In the indicated meaning, the term was first recorded in the “Musical Book” (Liber musices) of Florence de Faxolis (1496) [6] . Powerful development was gained in the musical theory of the 16th – 17th centuries (treatises of this time contain extremely extensive and not quite ordered cadence systematics) [7] . The classification adopted in the system of classic-romantic tonality goes back to J. F. Rameau (1737) [8] .

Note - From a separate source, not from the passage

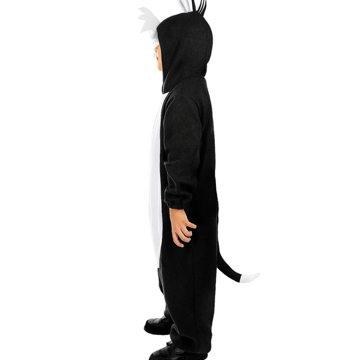 Este disfraz en talla 5-6 años convierte a los niños en Silvestre, el carismático gato de Looney Tunes. Su mono con capucha, que combina el negro con detalles blancos, recrea a la perfección la imagen del personaje que siempre persigue a Piolín. Es un diseño pensado para la comodidad y diversión de los pequeños.

As a fact of musical practice, cadences were described long before Rameau. For example, the cadence, which in the textbooks of classical tonal harmony is standardly described as “interrupted,” in Italian treatises of the 16th – 17th centuries (starting with Zarlino and Vicentino ) was called “slipping away” (cadenza fuggita, or sfuggita), also a “cadenza that avoids the conclusion "(Cadenza che fugge la conclusione), also" false "(cadenza d'inganno). “Escaping” was understood extremely broadly, from violating stereotypes of golosnovedenie (when leading from the penultima to the ultimatum) until replacing the permissive chord with a pause.

Notes

  1. ↑ Especially in secular polyphonic songs, such as frottola and villanella , but also in “learned” refined genres - motets , madrigals , in a polyphonic mass , etc.
  2. ↑ This classification parameter is accepted in German and English musicology, but is not common in Russian. See, for example, German Wikipedia: Männlicher Schluss - Weiblicher Schluss .
  3. ↑ See also Natural modes .
  4. ↑ The term M.A. Saponova . See: Saponov M. A. Menzural rhythm and its climax in the work of Guillaume de Masho // Problems of musical rhythm. Moscow, 1978.
  5. ↑ For more details see: S. Lebedev, On the Modal Harmony of the XIV Century // History of Harmonic Styles: Foreign Music of the Pre-Classical Period. Moscow, 1987, ss. 5-32.
  6. ↑ The word itself (Latin substantive participle “cadentia”) in the musical theoretical context occurs already in the 14th century by Jacob Liege ; With the word cadentia, Jacob calls "the natural tendency (inclinatio) of imperfect consonance to perfect," that is, the elementary (two-membered) sonant cell "dissonance-consonance" (imperfect consonance-perfect consonance), regardless of its position in musical form.
  7. ↑ The earliest detailed classification of cadences (with numerous musical examples of polyphonic music) belongs to N. Vicentino (1555), the most influential - J. Tsarlino (“Fundamentals of Harmonica”, 1558).
  8. ↑ Rameau called any transition from dominant to tonic (cadence parfaite, “perfect cadence”) or from subdominant to tonic (cadence imparfaite “imperfect cadence”, or cadence irréguliere, “irregular cadence”) cadence , without regard to the poetic text or divisions “ absolute "musical form .

Literature

  • Smalzriedt S. Kadenz // Handwörterbuch der musikalischen Terminologie . Tübingen, 1974.
  • Kholopov Yu. N. Harmony. Theoretical course. Moscow, 1988.
  • Cadence // The Harvard Dictionary of Music , ed. by DMRandel. 4th ed. Cambridge (Mass.), 2003, p. 129-132.

Links

  • Smalzriedt S. Kadenz (article from the authoritative German Dictionary of Musical Terms ; provides a detailed historical overview of the term and concept)
  • Solovyov N.F. Kadans // Encyclopedic Dictionary of Brockhaus and Efron : 86 volumes (82 volumes and 4 additional). - SPb. , 1890-1907.